BEGIN LISTED RECORDS
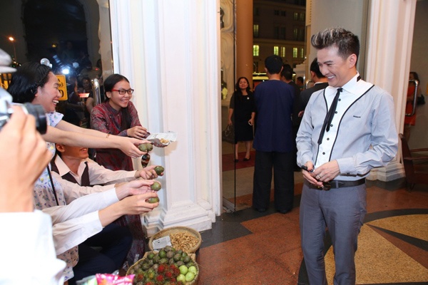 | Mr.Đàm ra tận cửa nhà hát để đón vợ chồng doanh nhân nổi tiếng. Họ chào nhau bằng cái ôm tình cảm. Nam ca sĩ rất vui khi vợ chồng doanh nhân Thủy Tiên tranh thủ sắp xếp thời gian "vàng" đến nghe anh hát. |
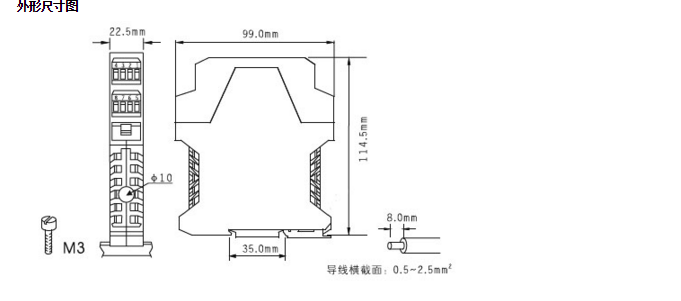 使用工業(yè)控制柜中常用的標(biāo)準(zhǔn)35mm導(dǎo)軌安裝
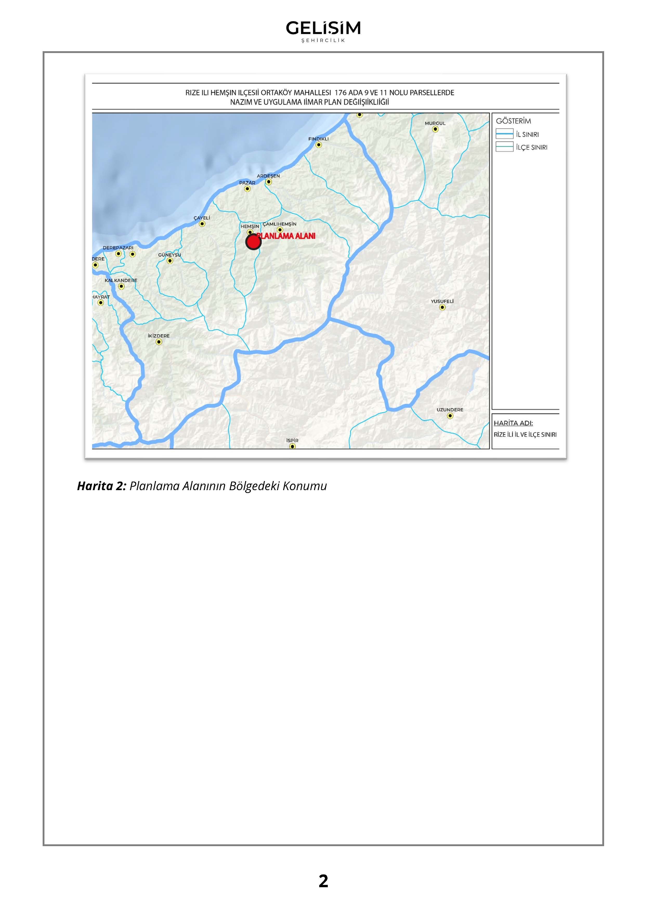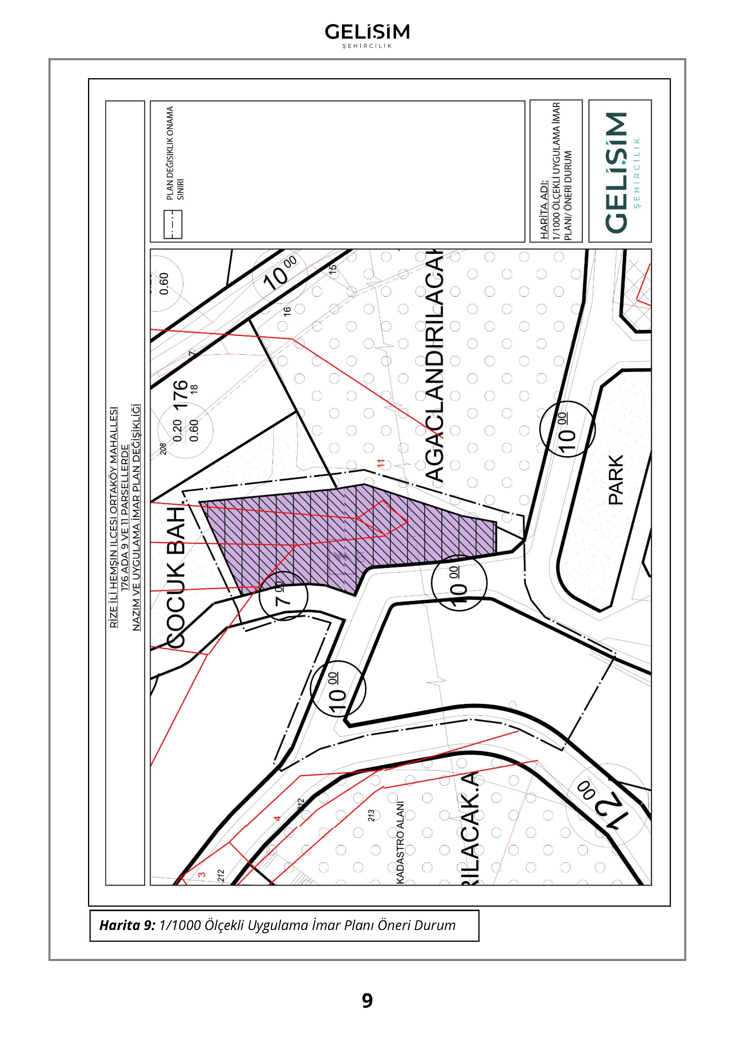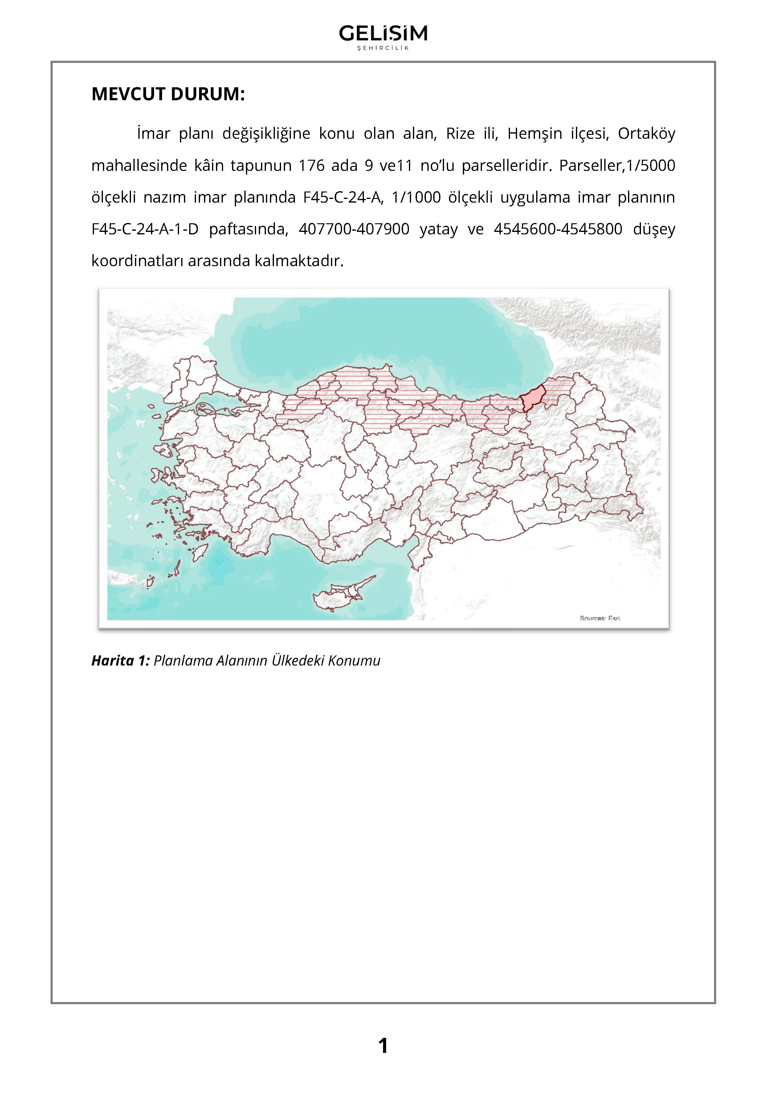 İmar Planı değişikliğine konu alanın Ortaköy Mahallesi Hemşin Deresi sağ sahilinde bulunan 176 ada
END LISTED RECORDS
BEGIN LISTED RECORDS
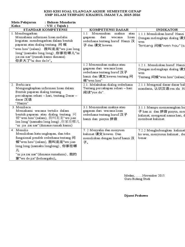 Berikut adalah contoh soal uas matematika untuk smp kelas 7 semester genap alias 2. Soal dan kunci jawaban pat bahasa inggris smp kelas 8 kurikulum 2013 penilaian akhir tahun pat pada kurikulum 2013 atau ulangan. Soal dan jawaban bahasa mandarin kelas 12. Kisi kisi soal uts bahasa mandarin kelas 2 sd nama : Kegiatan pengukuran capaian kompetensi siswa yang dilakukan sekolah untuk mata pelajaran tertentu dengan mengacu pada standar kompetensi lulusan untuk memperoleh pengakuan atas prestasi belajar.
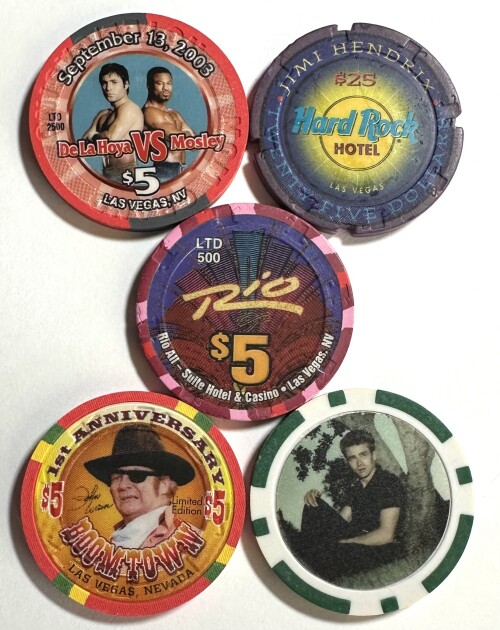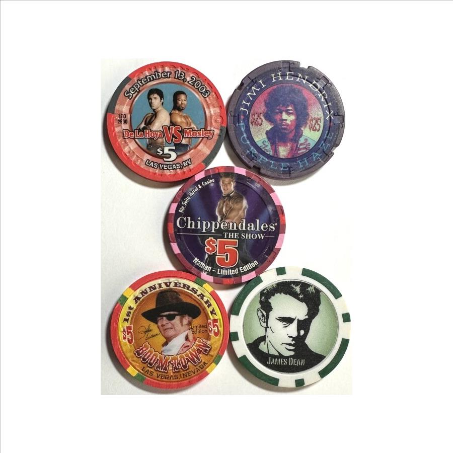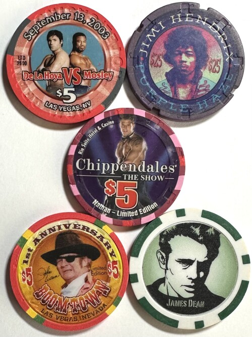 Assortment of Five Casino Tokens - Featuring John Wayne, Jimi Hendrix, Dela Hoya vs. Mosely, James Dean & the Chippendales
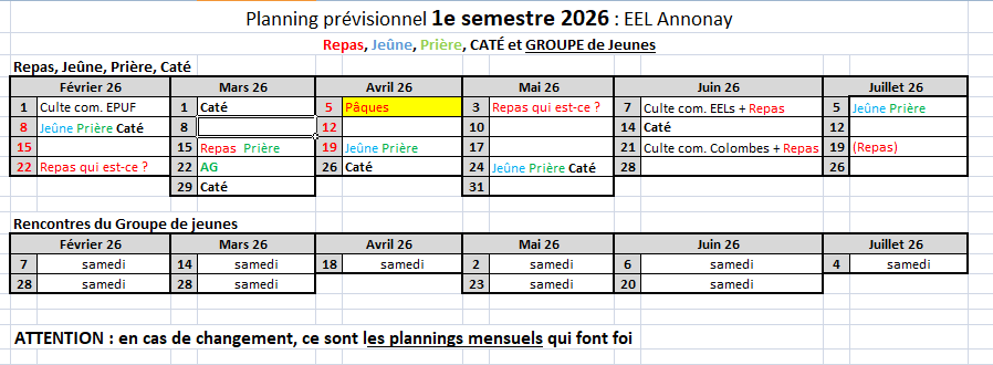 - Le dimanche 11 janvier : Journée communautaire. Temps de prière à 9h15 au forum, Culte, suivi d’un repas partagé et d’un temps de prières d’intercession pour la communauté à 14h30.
END LISTED RECORDS
BEGIN LISTED RECORDS
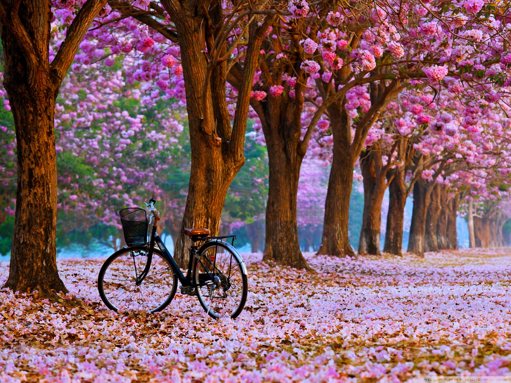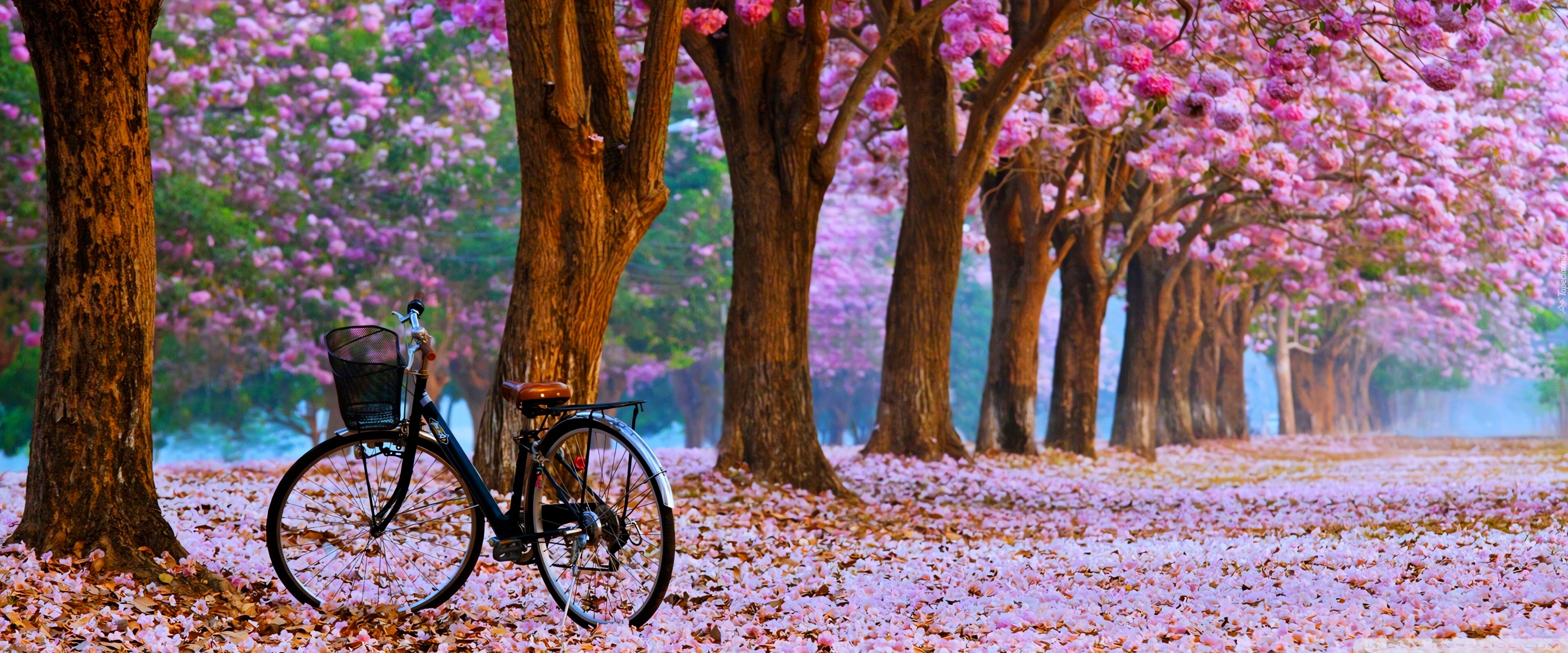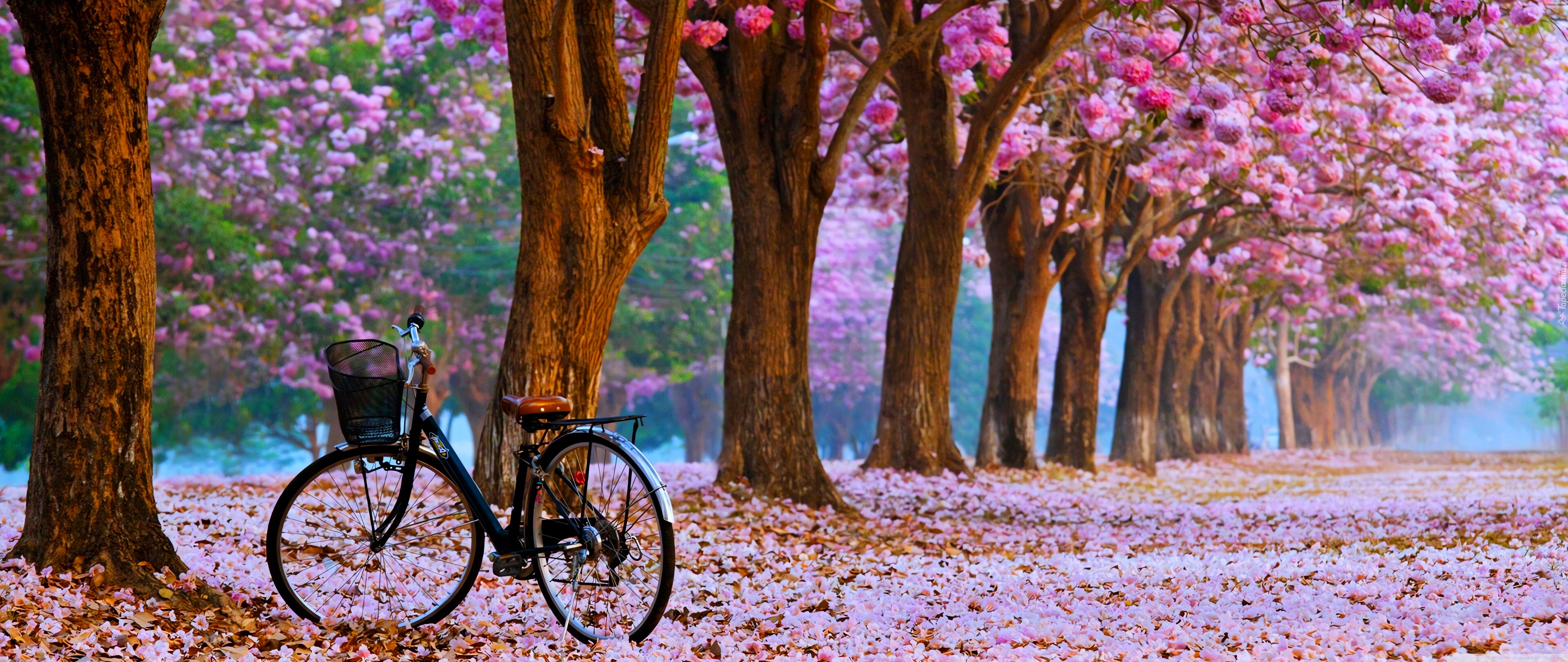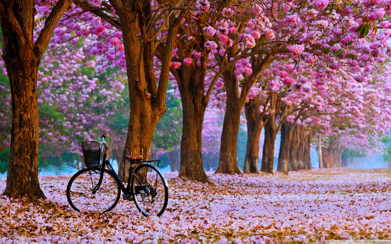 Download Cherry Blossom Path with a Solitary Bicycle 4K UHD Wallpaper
END LISTED RECORDS
**PROBLEM STATEMENT:**
Everything from the line with "nghe anh hát. |" through the line with "İmar Planı değişikliğine" in the material above should be transcribed exactly, except the pictures.

**ANSWER TO THIS TASK:**
 | Mr.Đàm ra tận cửa nhà hát để đón vợ chồng doanh nhân nổi tiếng. Họ chào nhau bằng cái ôm tình cảm. Nam ca sĩ rất vui khi vợ chồng doanh nhân Thủy Tiên tranh thủ sắp xếp thời gian "vàng" đến nghe anh hát. |
 使用工業(yè)控制柜中常用的標(biāo)準(zhǔn)35mm導(dǎo)軌安裝
 İmar Planı değişikliğine konu alanın Ortaköy Mahallesi Hemşin Deresi sağ sahilinde bulunan 176 ada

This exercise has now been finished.